►

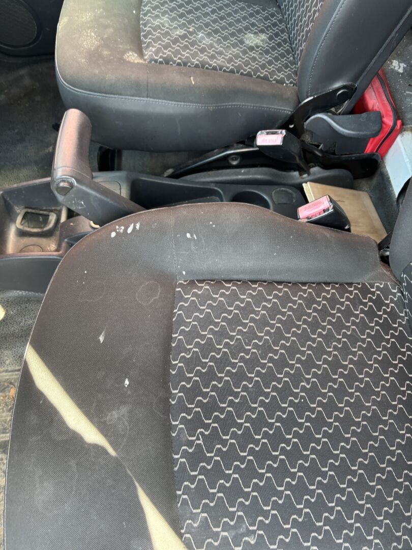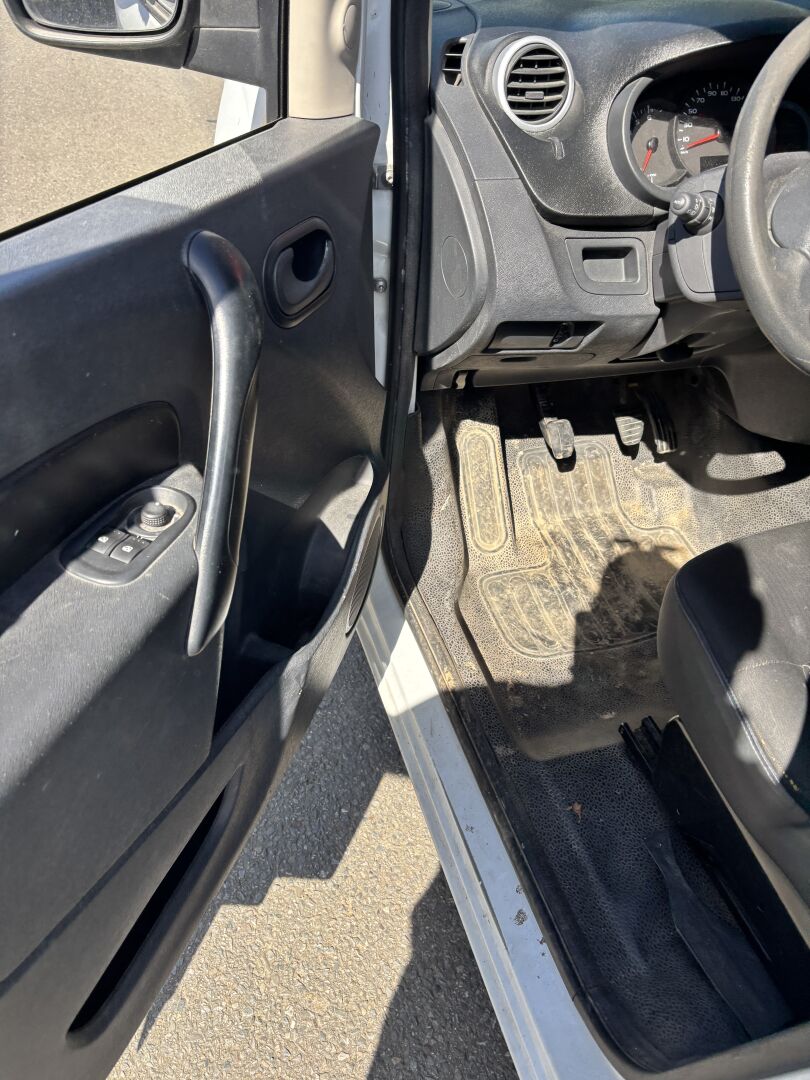 Commentaires : Blanc, boite manuelle 5 vitesses, vitres et rétroviseurs électriques, barre de toit, siège tissu noir (tachés), frottements
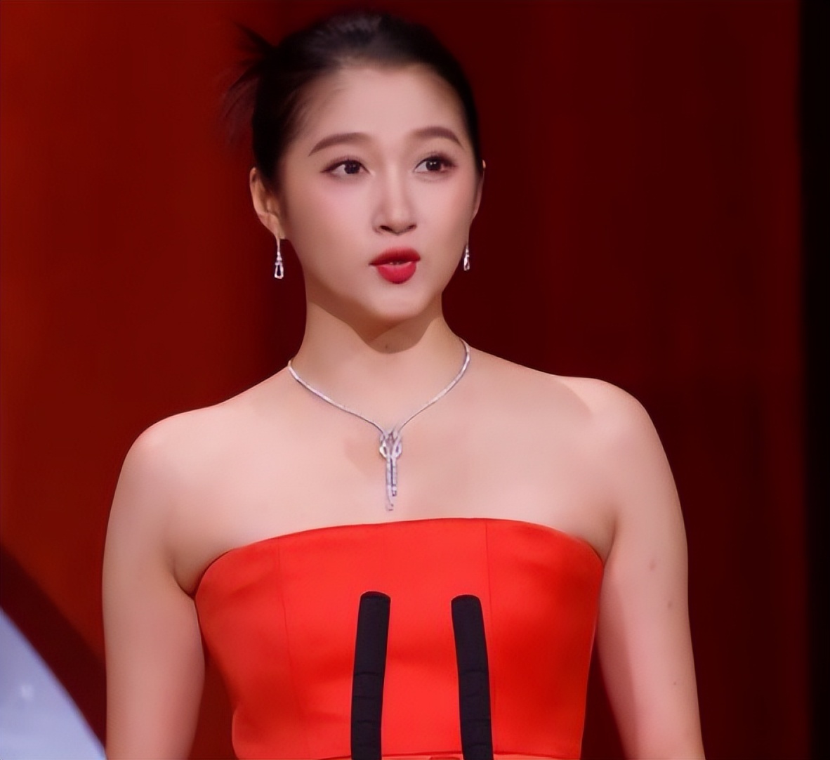 内场中,关晓彤又换了另一套装扮,大红色的抹胸礼服比较大气,但凡换一位中年女演员都能驾驭得了。
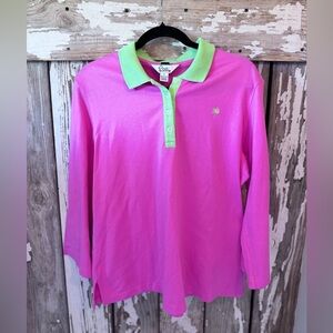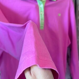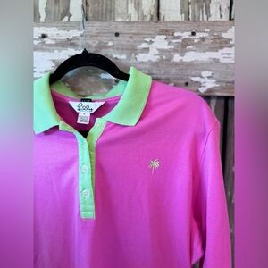 This Lilly Pulitzer polo shirt features a striking combination of pink and green, making it a standout piece in any wardrobe. Crafted from a comfortable cotton blend, it offers a classic polo collar design perfect for casual outings. The vibrant colors and sporty style ensure you make a bold fashion statement.

◄

• **Task statement**: Take the preceding listing and transcribe it exactly, skipping the pictures.

• **Reply**:
 Commentaires : Blanc, boite manuelle 5 vitesses, vitres et rétroviseurs électriques, barre de toit, siège tissu noir (tachés), frottements
 内场中,关晓彤又换了另一套装扮,大红色的抹胸礼服比较大气,但凡换一位中年女演员都能驾驭得了。
 This Lilly Pulitzer polo shirt features a striking combination of pink and green, making it a standout piece in any wardrobe. Crafted from a comfortable cotton blend, it offers a classic polo collar design perfect for casual outings. The vibrant colors and sporty style ensure you make a bold fashion statement.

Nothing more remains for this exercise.